Sunday, 7 February 2010

A getaway to get back

I willingly left Seoul this weekend. This has never happened before, in the five months that I've been here. Sure, I've ventured outside the city for workshops and orientations, but those things were scheduled for me, and I couldn't opt out.

The Taebaek train station.

I'm not certain why it took me this long to board the KTX and head to Taebaek to visit T and her friends. But, in any case, I finally made it through the mountains this weekend. There were a few reasons I chose this time in particular. First of all, it's because T will be leaving the ROK and headed back to Toronto in a month, and this might've been the last chance I had to see her before I took off on my vacation (more on that soon).

Secondly, I was getting restless in Seoul. Can you believe that? It might have been a blend of cabin-fever and the fact that I had way too many thoughts floating through my mind, on way too many topics. Writers always do better with a change of scenery, don't they?

And finally, I wanted to go somewhere on my own. Mind you, I had friends waiting for me at the destination, but the idea of journeying by myself was exciting.

It was pretty cheap, so I went ahead and purchased a seat in the first-class compartment on the KTX. On my way out of Seoul, I was accompanied by numerous ajoshis (backpacks and hiking gear in tow), who were absolutely sober when we pulled out of the station. I guess their plans for the weekend included hiking up Taebaeksan... but if the soju coma they fell into held any indication of their state, I'm not certain they even made it out of the train. For three out of the four-hour journey I was lulled into a trance by the symphony of snores coming from men passed out around me. A definite first, I'll admit.

Generally, it was refreshing to be away from Seoul. Literally, I didn't realize I hadn't inhaled fresh air in such a long time. I didn't even know it, because I have become so used to the thick and smoggy Seoul air. I lucked out with sunshine over the weekend as well, and it wasn't as cold out in Taebaek as I feared it would be.

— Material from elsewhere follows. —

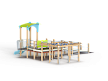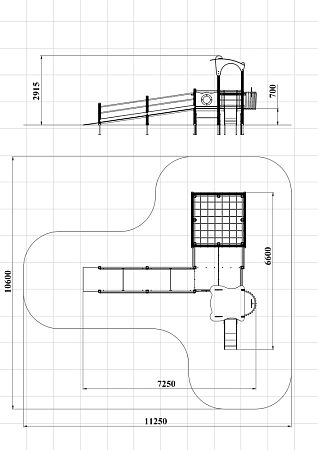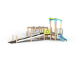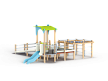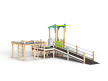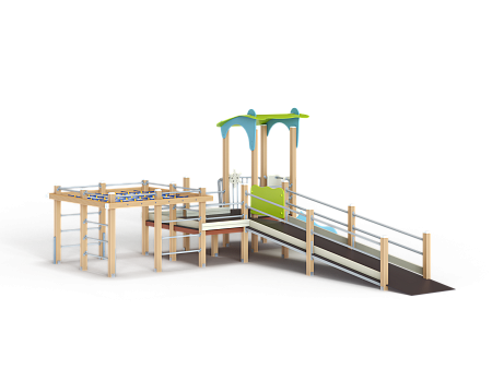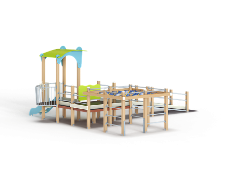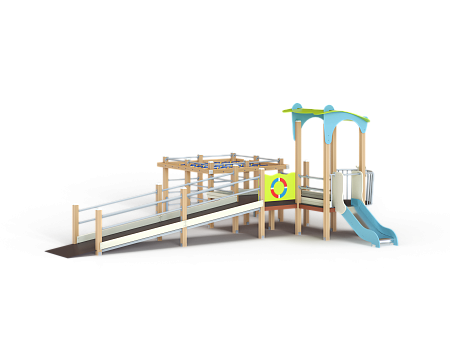 Детский игровой комплекс предназначен для детей с ограниченными физическими возможностями, он состоит из двух сдвоенных открытых башен и башни с фасонной крышей. На башне установлена горка, балкон с фанерным штурвалом, металлическое ограждение из перекладин. По периметру комплекса установлены ограждения из металлических перекладин и одного фанерного ограждения с декоративным элементом. Вход на площадку осуществлен в виде двойного наклонного трапа с металлическими перилами. Сбоку от площадки расположен спортивный комплекс, состоящий из столбов, шведских стенок и горизонтальной полипропиленовой сетки. Ограждением комплекса также служит брус расположенный по периметру комплекса над ламинированными полами.

Walking around the streets was comfortable... and I didn't have angry drivers trying to run me down. Then again, they didn't have stoplights either, so crossing the street at random was not only OK, it was encouraged.

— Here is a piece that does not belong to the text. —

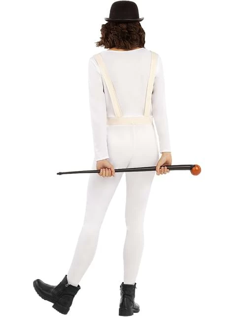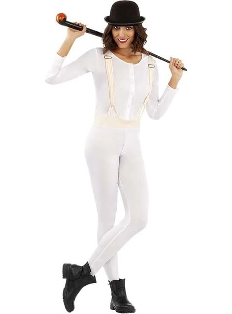 Y ahora tu podrás convertirte en el mismísimo Alex DeLarge con este traje de la Naranja Mecánica para mujer: compuesto por un mono blanco de cuerpo entero y tirantes.

It was nice to see the place that T has been talking about for almost two years now. Everything from her apartment to her favourite haunts was finally all in front of me.

Hwangji pond in a little park in Taebaek.

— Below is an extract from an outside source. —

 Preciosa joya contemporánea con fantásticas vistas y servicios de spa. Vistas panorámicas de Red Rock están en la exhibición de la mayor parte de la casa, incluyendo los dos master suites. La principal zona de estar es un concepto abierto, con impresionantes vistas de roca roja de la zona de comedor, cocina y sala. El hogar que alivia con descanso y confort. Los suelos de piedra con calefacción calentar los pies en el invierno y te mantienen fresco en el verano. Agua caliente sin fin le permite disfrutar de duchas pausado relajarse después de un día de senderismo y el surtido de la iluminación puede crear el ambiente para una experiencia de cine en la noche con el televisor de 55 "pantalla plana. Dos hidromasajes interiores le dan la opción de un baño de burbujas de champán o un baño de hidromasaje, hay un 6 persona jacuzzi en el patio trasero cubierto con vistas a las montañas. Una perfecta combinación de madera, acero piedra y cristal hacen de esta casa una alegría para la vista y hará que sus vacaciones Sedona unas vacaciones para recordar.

And yes, Seoul does have mole hills compared to Taebaek's mountains. While I was out there, I actually felt a little sad that I wasn't placed in a smaller town for work, rather than in Seoul. I always say that Seoul is exactly like Toronto... except with a massive language barrier and triple the amount of flashing neon lights.

I imagined myself there for a long time, getting used to the little quirks that make up the beauty of small towns. Little moments over the weekend made me long to get away from the big city and simply take in the entire experience from this perspective. I was even thoughtful when I woke up this morning and prepared to take the train back to Seoul.

As I headed back to familiar territory, still feeling pensive about what I'd just experienced, I found myself getting anxious (a not-so-fun feeling). But then something happened. As the train turned the final bend in its journey to the city, my face brightened, sending an instant smile to my lips for the first time in hours.

I watched the mountains disappear, being replaced with tall high-rises and the majestic Hangang river. I saw cars and trucks race each other on the freeway, in an urgency I'd put on pause during the weekend. There were cosmopolitan crowds of people hovering over booths in makeshift marketplaces that lined the train-tracks in various pockets throughout the city.

Seoul - calm chaos, February 2010

And I realized how much this all made sense to me. Seoul, in all its calm, chaotic confusion, is currently my home. And although I didn't ask to be here, I am here. I've lived in cities my entire life and it's where I feel most like myself. I treasure trips, vacations and getaways every now and then to help refresh, but at the end of the day, I'm part of the chaos and the chaos is part of me. We work well together. And that's what keeps me smiling today.